Solved – Decision Trees: if always binary split

machine learning

The introduction of almost every lecture for Decision Trees is a decision tree, where one node might have more than two children. However, as I understand the decision tree is always a binary tree, right? During the implementation I one-hot encode all my categorical variables, meaning the split on such a feature will always be 0 or 1 (two children).

So, if I have a feature with normal, high values after a one-hot encoding I will get two features humidity.normal and humidity.high. And the split will be first performed on either humidity.normal and then humidity.high or vice versa.

Are the RandomForestClassifier/DescitionTree in python and r being constructed via binary trees (binary splits)?

enter image description here

Best Answer

CHAID Trees can have multiple nodes (more than 2), so decision trees are not always binary.

There are many different tree building algorithms and the Random Forest algorithm actually creates an ensemble of decision trees. In the original paper, the authors used a slight variation of the CART algorithm. However its not necessary to use CART to build a Random Forest model; other researchers have extended the concept by using tree learners built using different algorithms to generate a Random Forest model.

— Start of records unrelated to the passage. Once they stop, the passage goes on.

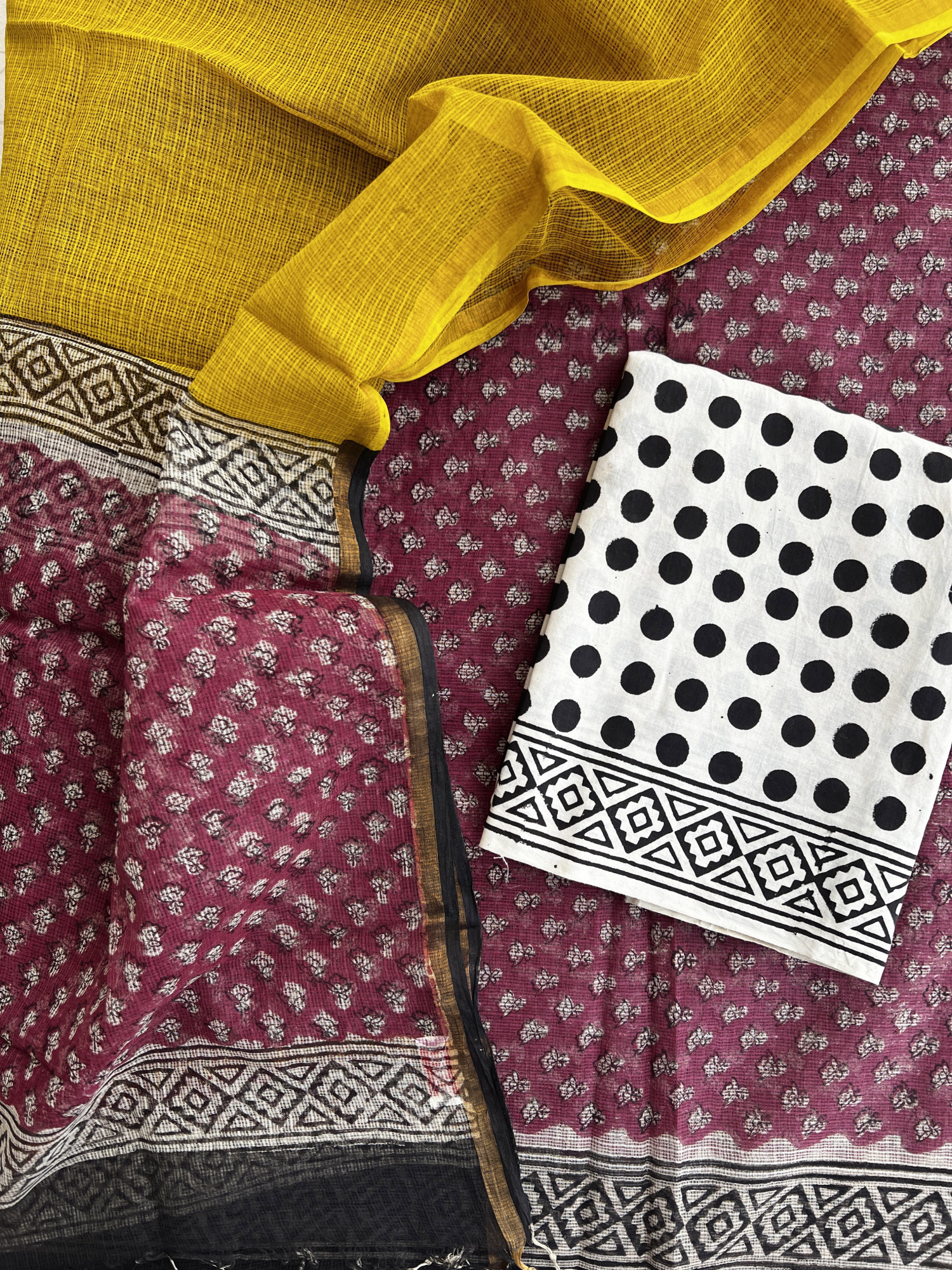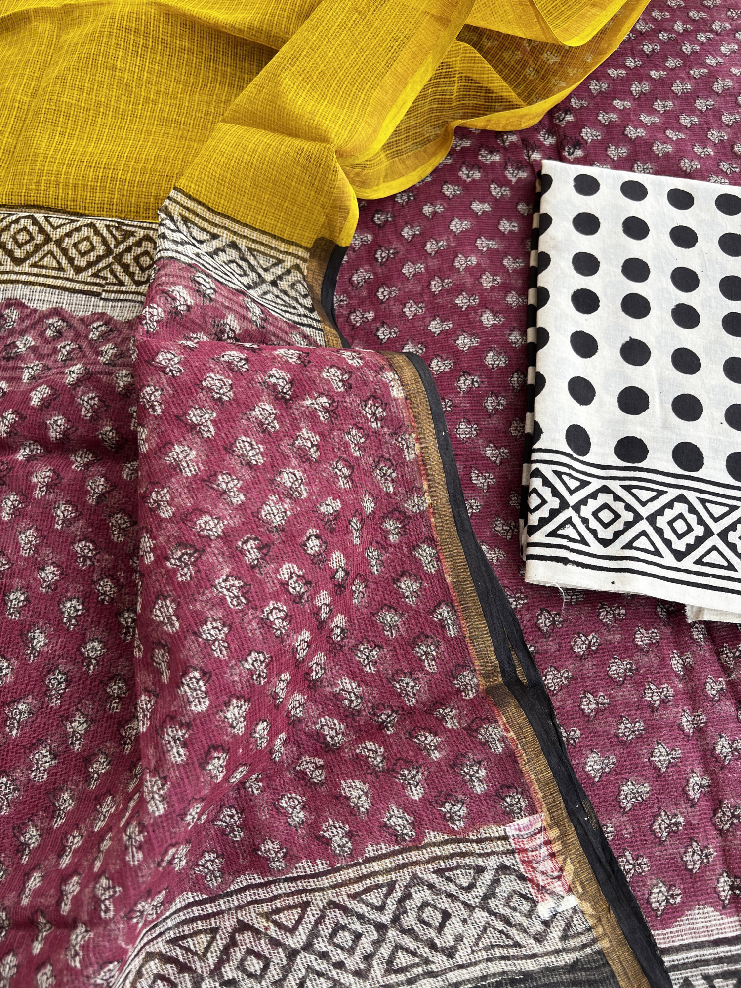 Handblock printed kota dupatta with gold zari comes with Kota kurta fabric and cotton bottom.
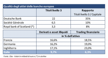 Anche il trading finanziario vale in Italia appena il 6,3% dell’attivo di bilancio contro il 23% delle banche inglesi, il 18,5% delle banche francesi e il 19% delle banche tedesche. Entrando nel dettaglio di alcuni istituti bancari europei, per Deutsche Bank il peso dei “titoli di livello 3” risulta ben più alto rispetto alla media della Germania e dell’Italia e pari al 35% del capitale.
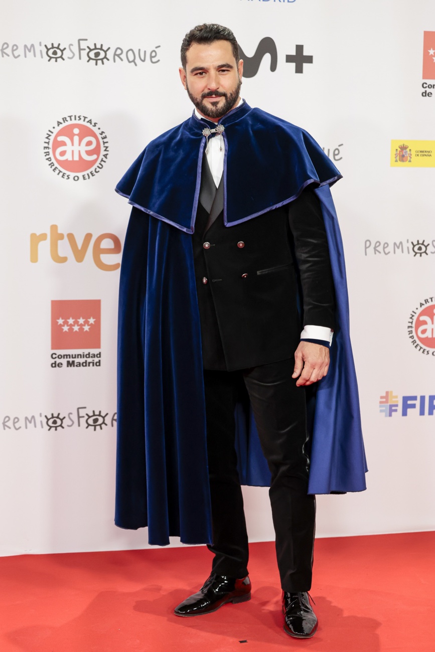 Al más puro estilo »Tierra de lobos» o »La promesa», el actor ha sorprendido en la alfombra roja con un traje de terciopelo en negro que ha combinado con una aclamada capa, también en terciopelo, de color azul.

It is also not necessary that the independent variables which are used to build a decision tree necessarily have to be binary valued (0-1 valued or one-hot encoded categorical variables). Doing so would have severely restricted the usability of these algorithms. Each of the nodes may contain multiple categories after the split. For example, a variable with weather category as windy, foggy, rainy and sunny may be split into two nodes - Node 1 : windy + sunny, and Node 2 : foggy and rainy.

To answer your specific query: both scikit-learn and R use CART for building random forest models, so their base learners are binary trees.